I line up my planes because I know that when the planes are gone that my journey is finally ending. But here in the silence, it is not ending yet. I am facing another uncertain future. Am I facing it with courage and bravery? The uncertainty fills all of the gaps with both hope and fear. Sometimes I get so ambiguously fearful that I can barely catch my breath. But there are other times, like this morning, that I wake up in the arms of my husband before getting up to move from room to room. I crawl into their beds and cuddle with each of them as I wake them up for school. Each member of my family still enjoys this, including my fourteen-year-old. How many fourteen-year-old girls still want to cuddle with Mom in the morning? In their arms, I am filled with warmth and love to the point that it is overflowing. I think about how lucky I am to be able to both give and receive this much love. And I am at peace.
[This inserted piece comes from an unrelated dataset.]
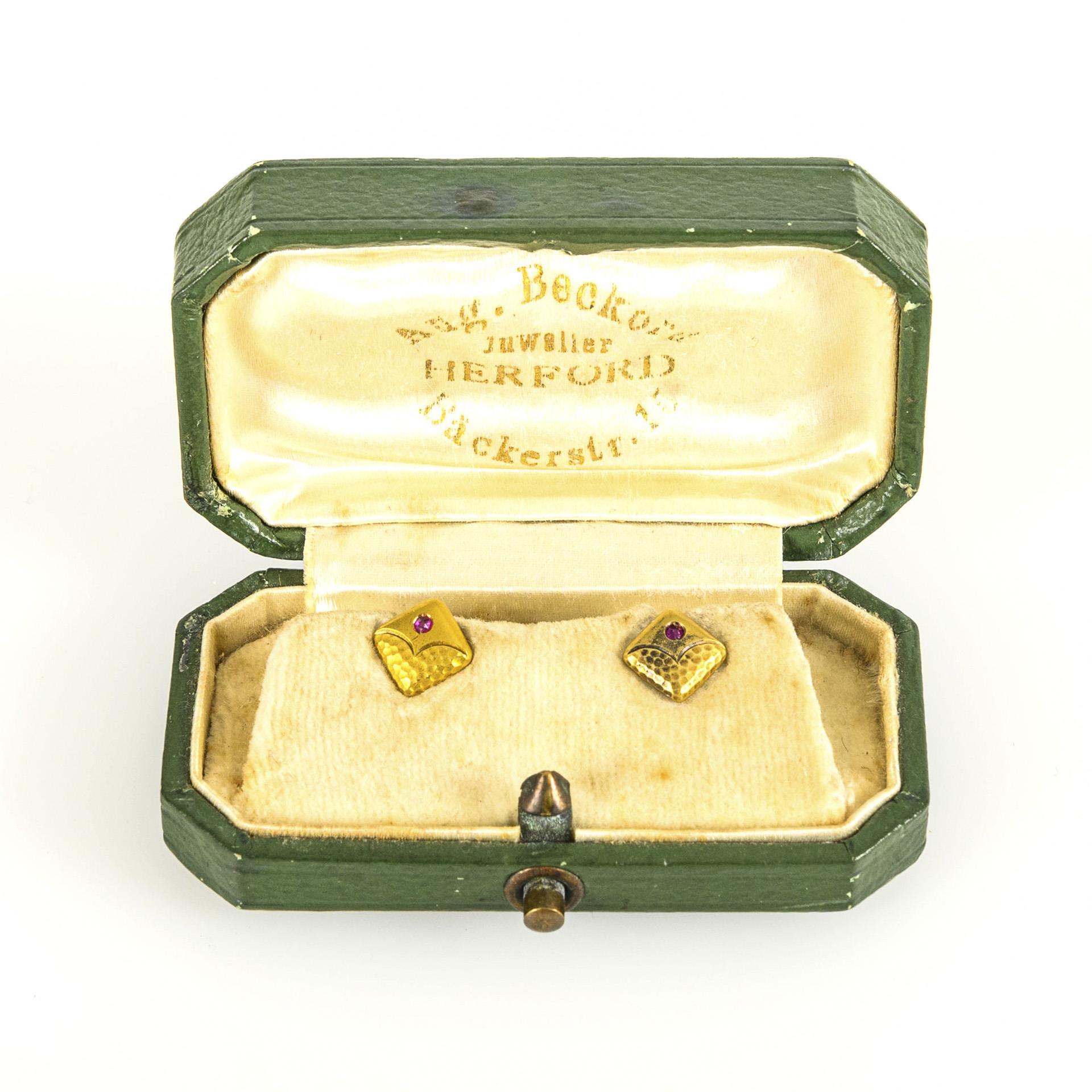 2 small, partially reliefed buttons with red colored stone on toggle, in green case "Aug. Beckord Juwelier HERFORD Beckerstr. 15".

There’s something that you won’t show
Waiting where the light goes
Maybe anywhere the wind blows
It’s all worth waiting for
Anywhere the wind blows

In my teenage years, when I heard those lyrics it soothed me. I’d survived so much already. No matter what lied ahead, it was all worth waiting for because I knew that I could handle it.

Now, I know that what waits on the other side is dying. The wind is bound to blow me im that direction. Is death worth waiting for? I cannot say so. At least not yet. I am selfish and would rather “wait for” the chance to see my children grow up. I would rather grow into a shriveled up old woman with my husband by my side. However, as I inch closer to that point, I am going through the process of learning how to die. If I can feel the love I felt this morning around me, maybe I can find that peace again. And maybe, in the midst of a quiet before my final uncertainty, I can face it with the same courage and bravery.

2 thoughts on “Quiet

  1. Thank you, again, for sharing your thoughts. I am sitting here thinking that you are writing exactly what I would be thinking if I was in your situation: is no news good news or a way to put off processing potential bad news? Am I lining up my planes too early or should I focus on planing next steps and investigating trials? . . . . ..

    Your love for your husband and kids shines through. No matter what the outcome and when, this blog is an amazing legacy for your children.

    Liked by 1 person

    1. Thank you, Barb. Before my diagnosis, when I still worked I would be getting ready at the same time as my children. I’d worry about being late. Wake ups were opening up their doors and yelling that it was time to get ready for school. There was no time for snuggles or for savoring a moment with them. These days I realize that that is ALL that matters, or has ever really mattered. Those moments. I am grateful to be able to appreciate and savor them now.